= Scudder Klyce =

American philosopher, scientist, and naval officer (1879–1933)

Scudder Klyce (November 7, 1879 in Friendship, Tennessee – January 28, 1933 in Winchester, Massachusetts) was an American philosopher, scientist and naval officer. He is known for his work, Universe, which attempted to accumulate the knowledge of mankind into a single book to collect and deliver a solution for all the problems of humanity.

== Life ==
Klyce studied at the University of Arkansas. In his youth, he served in the Spanish–American War, and participated in the Philippine campaign. In 1902 he graduated from the U.S. Naval Academy in Annapolis, Maryland, where he later filed a post-graduate study for engineering. In 1908 he married Etheldreda Hovey († 1917). They had one son, Stephen Klyce. His second, (1917) closed marriage was with Laura Tilden Kent. They had two children, William and Dorothy Klyce Klyce.

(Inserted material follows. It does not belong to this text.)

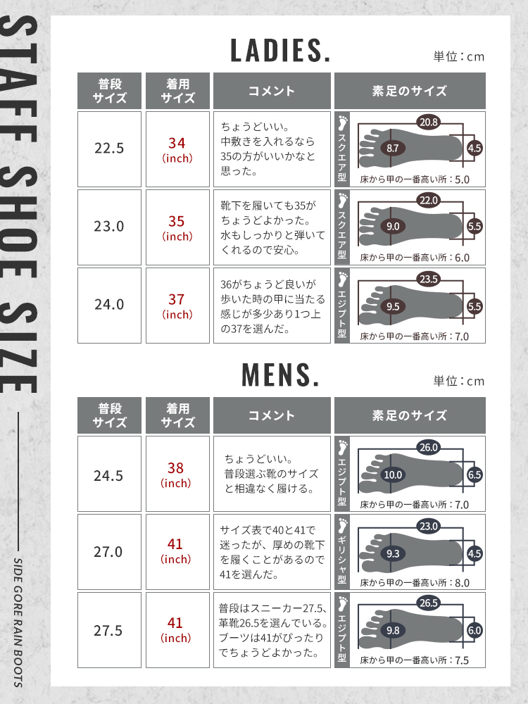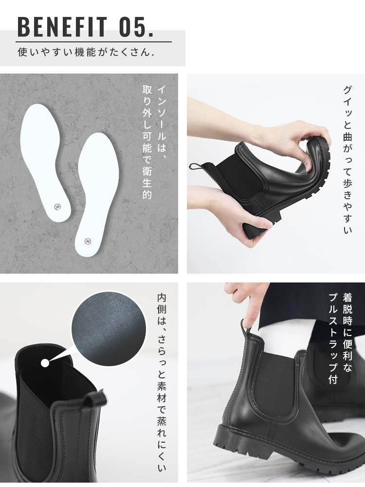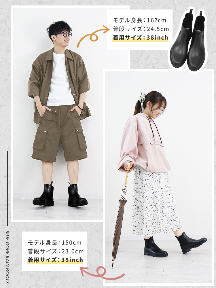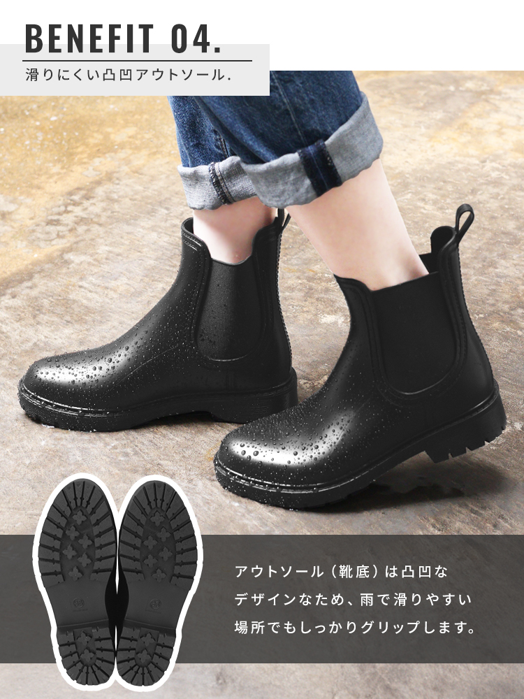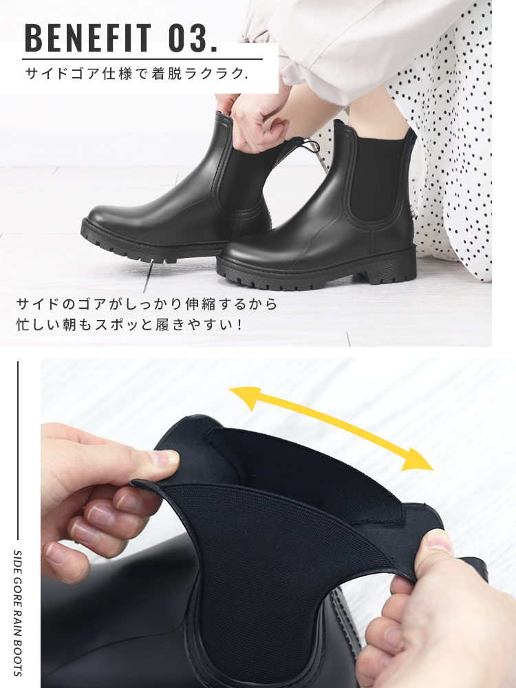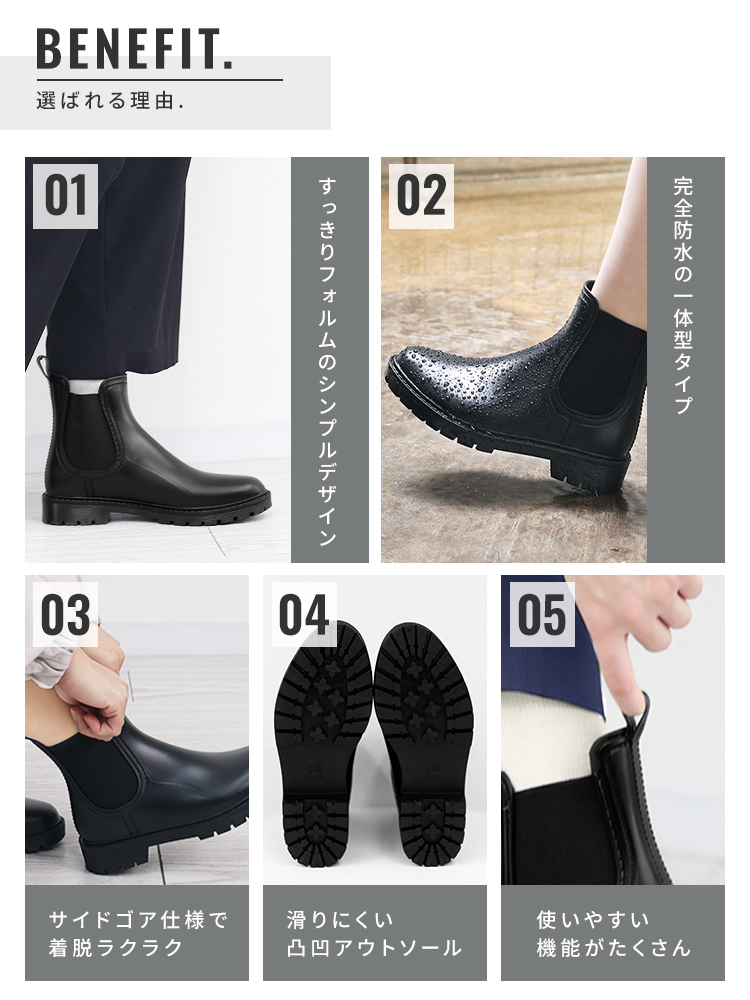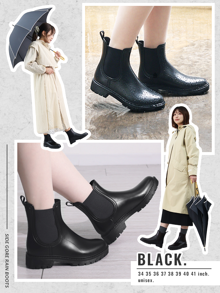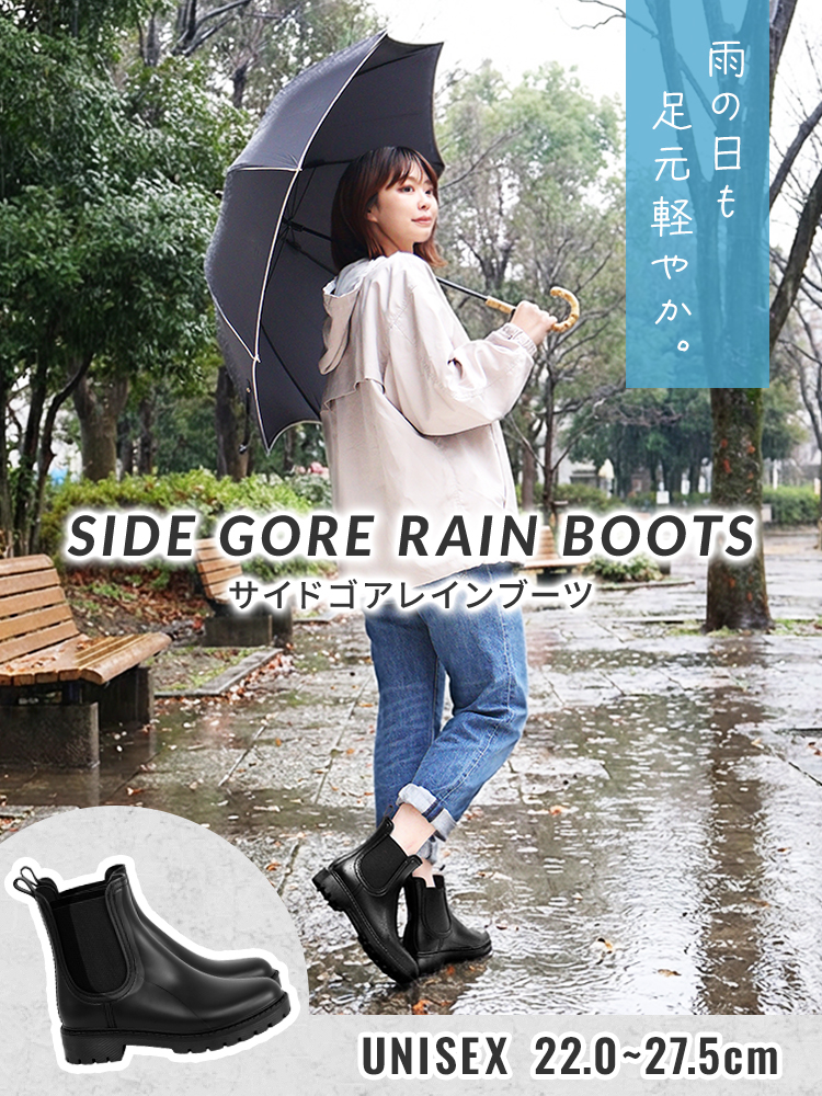 そんな方にぴったりな、スタイルを選ばず履ける、すっきりシルエットのサイドゴアレインシューズ。

His service in the Navy involved protecting shipping interests during the Honduras–Nicaragua War of 1907. On May 2, 1907, Klyce was promoted to Commander. On February 15, 1912, he resigned to devote himself to the study of the foundations of science ( "investigation of foundations of science").

== Estate ==
Klyce's estate was passed by his widow to the Library of Congress in 1933, where it is still available. It includes 16 boxes with 4800 items and is located in the Manuscript Division at the Library of Congress. The deposit includes published and unpublished scripts, magazine articles, and Klyce correspondence with contemporaries such as Robert Daniel Carmichael, James McKeen Cattell, Clarence Day, John Dewey, Waldo Frank, Dorothy Canfield Fisher, David Starr Jordan, Robert Andrews Taylor, Theodore William Richards, William Emerson Ritter and Upton Sinclair. Klyce is also known to have corresponded with Frederick W. Taylor.

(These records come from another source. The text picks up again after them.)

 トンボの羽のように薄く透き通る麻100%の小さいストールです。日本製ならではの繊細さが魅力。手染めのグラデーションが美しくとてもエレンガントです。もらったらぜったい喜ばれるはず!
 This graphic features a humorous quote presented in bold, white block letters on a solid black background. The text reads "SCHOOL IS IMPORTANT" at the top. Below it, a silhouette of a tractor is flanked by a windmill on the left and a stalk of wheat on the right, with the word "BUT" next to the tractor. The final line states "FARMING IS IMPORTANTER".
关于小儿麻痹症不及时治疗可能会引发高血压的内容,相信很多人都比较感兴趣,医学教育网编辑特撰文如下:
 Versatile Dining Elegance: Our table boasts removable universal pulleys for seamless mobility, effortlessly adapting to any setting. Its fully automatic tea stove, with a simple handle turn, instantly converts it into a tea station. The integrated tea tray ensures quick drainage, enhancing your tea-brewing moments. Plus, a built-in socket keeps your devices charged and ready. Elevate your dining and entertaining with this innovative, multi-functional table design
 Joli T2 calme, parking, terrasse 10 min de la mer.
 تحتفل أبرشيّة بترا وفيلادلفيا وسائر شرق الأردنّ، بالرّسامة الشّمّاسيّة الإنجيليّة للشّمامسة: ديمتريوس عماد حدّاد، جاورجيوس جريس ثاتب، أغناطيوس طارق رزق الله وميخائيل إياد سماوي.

== Klyce's philosophical work ==
Universe is Klyce's main work which he self-published in 1921.

Universe claims to solve all issues related to the "why, how and what to solve" in science, religion, and philosophy. Issues with which the book is involved include astronomy, light, electricity, heat, chemicals, the spiritual union of the humanities; which unzutreffendheit Newton's laws of biology, psychology, the correlation between ethics and economics, sociology, the various theories of language in relation to physics, cosmology, energy, matter.

Largely obscure after its publication, despite the inclusion of an introduction by popular American philosopher John Dewey, Universe managed to capture brief notability in 1989. In that year, Alan Grant, a regular author of Detective Comics for DC Comics, made reference to Universe within the comic book. In the story, the character Anarky, a creation of Grant's, drew heavy influence from Klyce, and the author made some of Klyce's philosophy a part of Anarky's characteristics. In another reference, Grant wrote a book (Batman: The Stone King) in which Batman owns a personally signed edition with notes, but exchanges it with Scarecrow for some information.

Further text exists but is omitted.